La quantification cytométrique des cellules viables est basée sur la coloration directe des surfaces cellulaires et de l'ADN, qui émettent ensuite un signal de fluorescence analysé dans un cytomètre de flux. Grâce à cette quantification directe des cellules présentes dans un échantillon, les résultats sont directement liés à la présence de cellules entières et sont indépendants de l'état et de la taille des cellules. Comparé à la méthode traditionnelle, les résultats sont également indépendants de la croissance bactérienne. Ainsi, la détection bactérienne par cytométrie de flux fournit un résultat quantitatif et précis, éliminant le risque de manquer une population cellulaire inactive qui pourrait éventuellement causer une contamination.
Réalisation de tests ICC sur rqmicro.COUNT
La technologie basée sur la cytométrie de flux de rqmicro vous permet de quantifier rapidement et avec précision les cellules bactériennes, y compris les VBNC, en moins d'une heure et au même prix que les tests ATP. Avec l'instrument portable rqmicro.COUNT, vous obtenez des résultats fiables concernant la charge microbienne de votre eau à des points de contrôle critiques, facilitant ainsi les mesures de contrôle de la qualité. En plus du comptage des cellules intactes (viables) et total (viables + mortes), la méthode rqmicro peut détecter des pathogènes spécifiques (Escherichia coli, Legionella) au moyen des kits de test appropriés. Les mesures d'ATP, en revanche, ne permettent pas une telle détection et quantification spécifiques.

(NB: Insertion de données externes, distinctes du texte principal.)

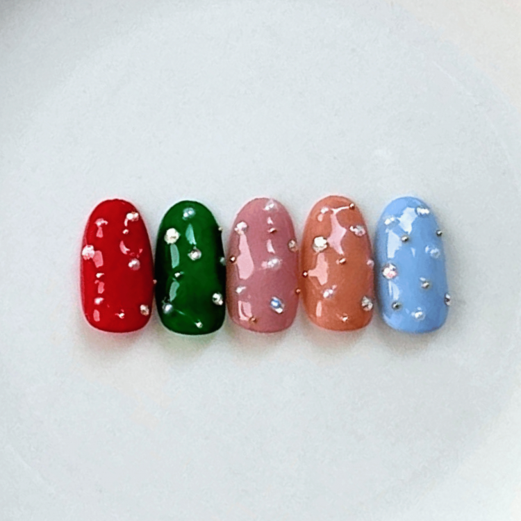 華やかさと上品さを兼ね備え、普段使いからお出かけまで幅広く楽しめます。 41種類のワンカラーとスキンカラーを合わせた全49色から選択可能。 形は6種類(ベリーショート/ショートオーバル/レギュラーオーバル/ロングオーバル/レギュラースクエア/アーモンド)をご用意しております。 お好きな色とお好きな形であなた好みのデザインをお選びください。 写真使用カラー:いちご/赤・玉露/緑・B2・Y2・天然水/パステルブルー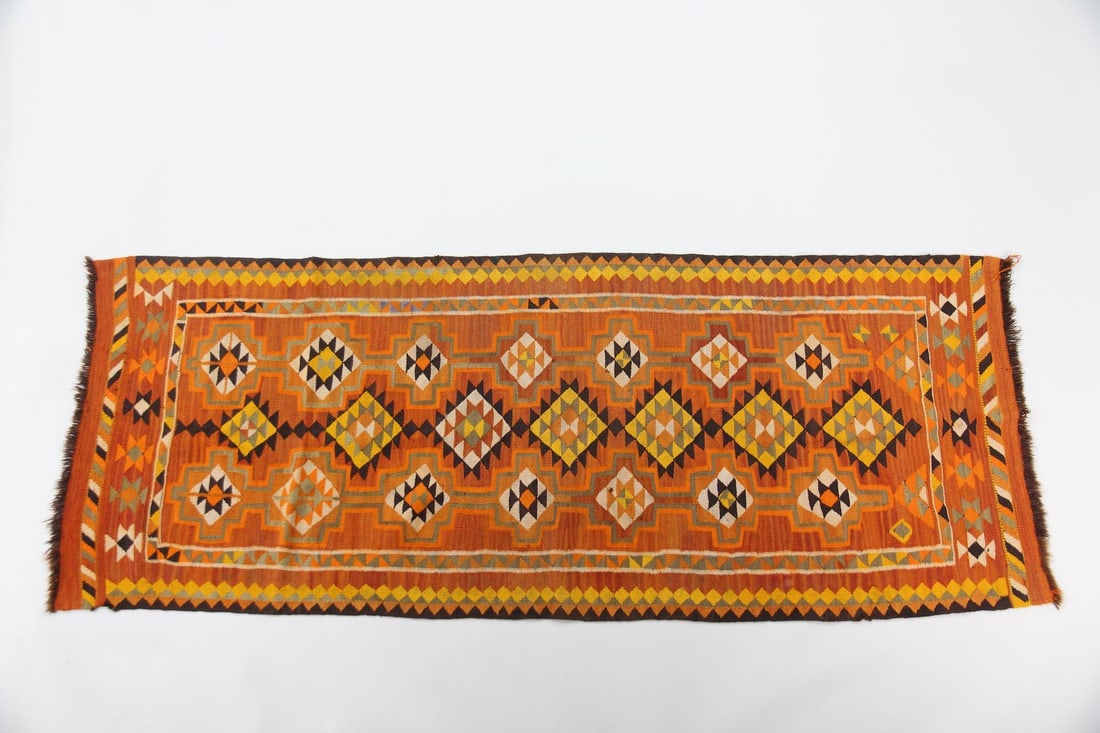 Vintage Turkish Kilim Handmade Wool Rug 4'1 x 8'3 Multicolor Tribal DesignBidhaus4.2(840)$1006 days Left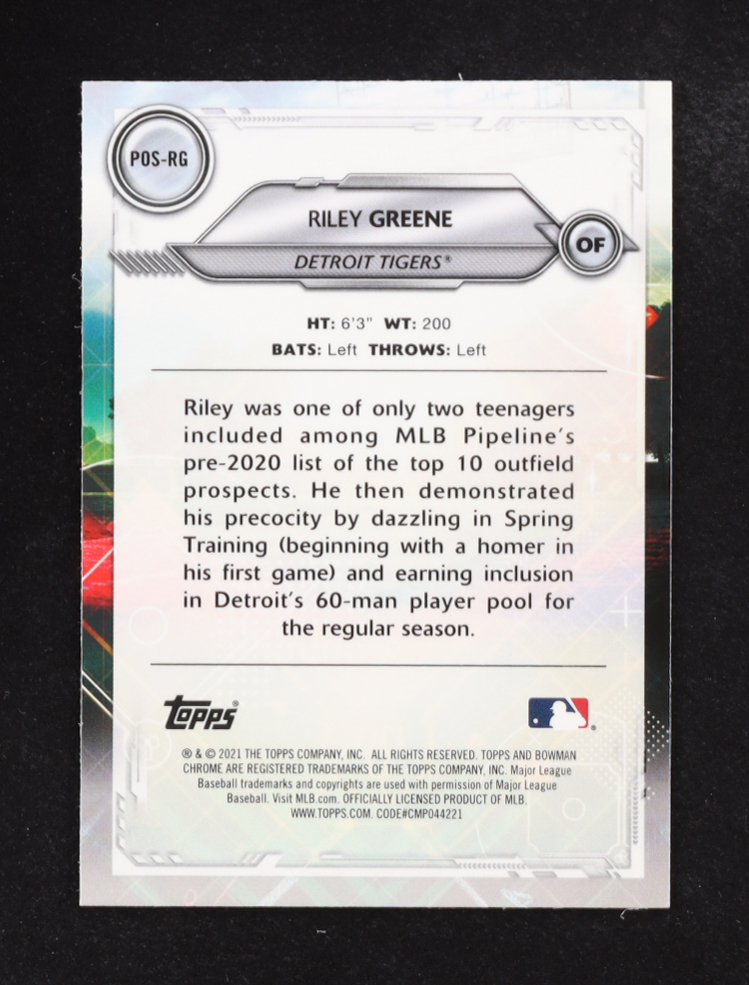 Riley Greene 2021 Bowman Chrome Positional Promise Refractors #POSRG RC

En tant qu'outil fiable fournissant des informations pertinentes sur votre système d'eau, rqmicro.COUNT vous permet d'évaluer rapidement l'efficacité des mesures de nettoyage. Par conséquent, rqmicro.COUNT fera progresser la surveillance de l'hygiène et vous aidera à maintenir l'eau et les produits finis en sécurité.
Contactez notre représentant commercial pour une consultation gratuite sur notre solution.
Références :
[1] Papkovsky, Dmitri B., et Joseph P. Kerry. "Respirométrie basée sur des capteurs d'oxygène et le paysage des méthodes de test microbien applicables aux matrices alimentaires et aux boissons."Capteurs23.9 (2023) : 4519.

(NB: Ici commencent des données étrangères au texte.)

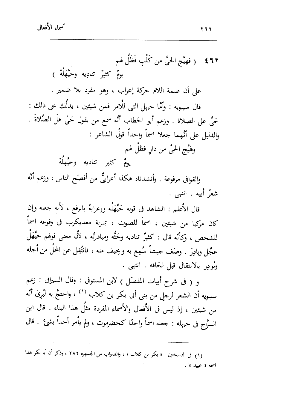 والقوافي مَرْفُوعَة. وأنشدناه هَكَذَا أعرابيٌّ من أفْصح النَّاس وَزعم أَنه شعر أَبِيه. انْتهى. قَالَ الأعلم: الشَّاهِد فِي قَوْله: حيهله وَإِعْرَابه بِالرَّفْع لِأَنَّهُ جعله وَإِن كَانَ مركبا من شَيْئَيْنِ اسْما للصوت بِمَنْزِلَة معديكرب فِي وُقُوعه اسْما للشَّخْص وَكَأَنَّهُ قَالَ: كثيرٌ تناديه وحثه ومبادرته لِأَن معنى قَوْلهم: حيهل: عجل وبادر وصف جَيْشًا سمع بِهِ وَخيف مِنْهُ فانتقل عَن الْمحل من أَجله وبودر بالانتقال قبل لحاقه. انْتهى. وَفِي شرح أَبْيَات الْمفصل لِابْنِ المستوفي: وَقَالَ السيرافي: زعم سِيبَوَيْهٍ أَن الشّعْر لرجلٍ من بني أبي بكر بن كلاب وَاحْتج بِهِ ليري أَنه من شَيْئَيْنِ إِذْ لَيْسَ فِي الْأَفْعَال والأسماء المفردة مثل هَذَا الْبناء. قَالَ ابْن السراج فِي حيهله: جعله اسْما وَاحِدًا كحضرموت وَلم يَأْمر أحدا بِشَيْء.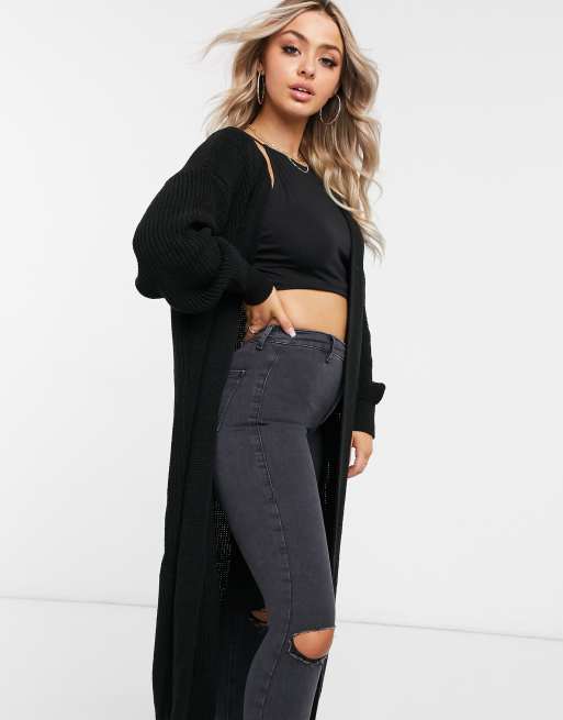 Femme Luxe - Strikket longline-cardigan i sort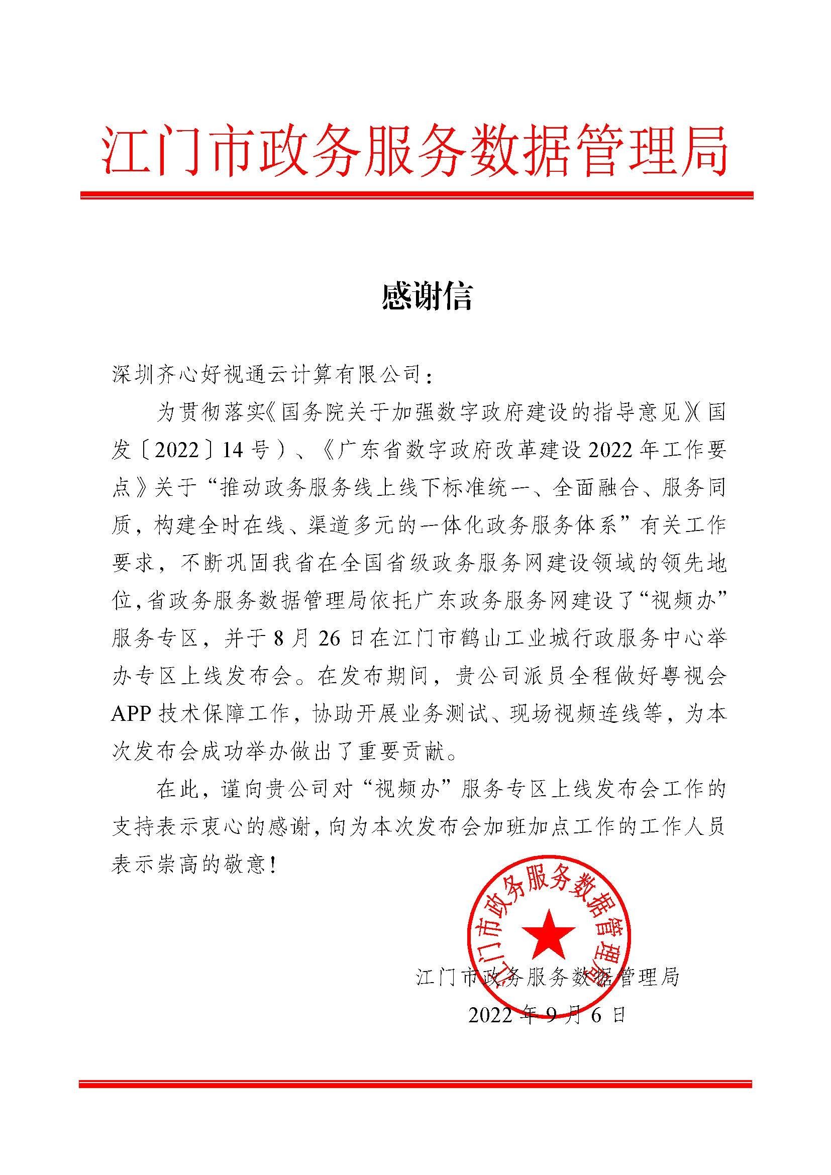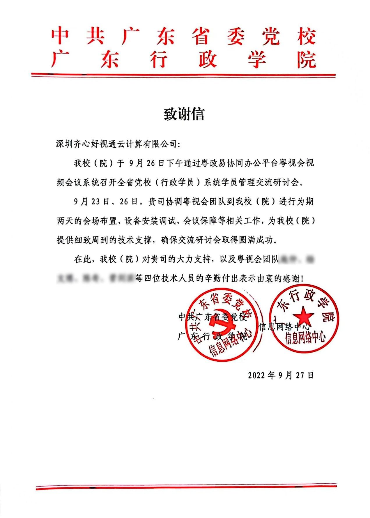 感謝信分別來自中共廣東省委黨校(廣東行政學(xué)院)、中共惠州市委黨校、廣東省政務(wù)服務(wù)數(shù)據(jù)管理局及江門市政務(wù)服務(wù)數(shù)據(jù)管理局,信中對(duì)好視通專業(yè)細(xì)致的支持保障、高清流暢的云視頻會(huì)議體驗(yàn)、豐富的產(chǎn)品應(yīng)用給予了充分肯定與認(rèn)可。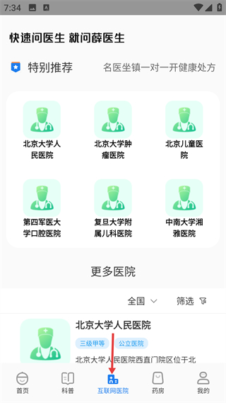3、進入互聯網醫院頁面,展示特別推薦的知名醫院,支持查看更多醫院并篩選,提供名醫一對一開健康處方的服務,可對接不同等級的公立醫院資源。

[2] Bottari, Benedetta, Marcela Santarelli, et Erasmo Neviani. "Détermination de la charge microbienne pour différentes boissons et denrées alimentaires par évaluation de l'ATP intracellulaire."Tendances en science et technologie alimentaires44.1 (2015) : 36-48.
[3] Hammes, Frederik, et al. "Mesure et interprétation de l'adénosine tri-phosphate (ATP) microbien dans les environnements aquatiques."Recherche sur l'eau44.13 (2010) : 3915-3923.
[4] Bakke, Mikio. "Une analyse complète des tests d'ATP : utilisation pratique et progrès récents dans le test total d'adénylate pour le suivi efficace de l'hygiène."Journal de la protection alimentaire85.7 (2022) : 1079-1095.
[5] Whiteley, Greg S., et al. "Le problème perpétuel de la variabilité dans les tests d'adénosine triphosphate (ATP) pour le suivi de l'hygiène dans les milieux de soins de santé."Contrôle des infections et épidémiologie hospitalière36.6 (2015) : 658-663.
[6] Sousi, Mohaned, et al. "Comparaison du potentiel de croissance bactérienne de l'eau potable à ultra-faible teneur en nutriments évalué par des tests de croissance basés sur le comptage cellulaire intact par cytométrie de flux par rapport à l'adénosine triphosphate."Recherche sur l'eau203 (2021) : 117506.
[7] Kong, Xiujuan, et al. "Des écarts considérables entre les méthodes de détection HPC, ATP et FCM dans l'évaluation de l'efficacité de désinfection des bactéries Gram-positives et négatives par rayonnement ultraviolet et chlorination."Dessalement et traitement de l'eau57.37 (2016): 17537-17546.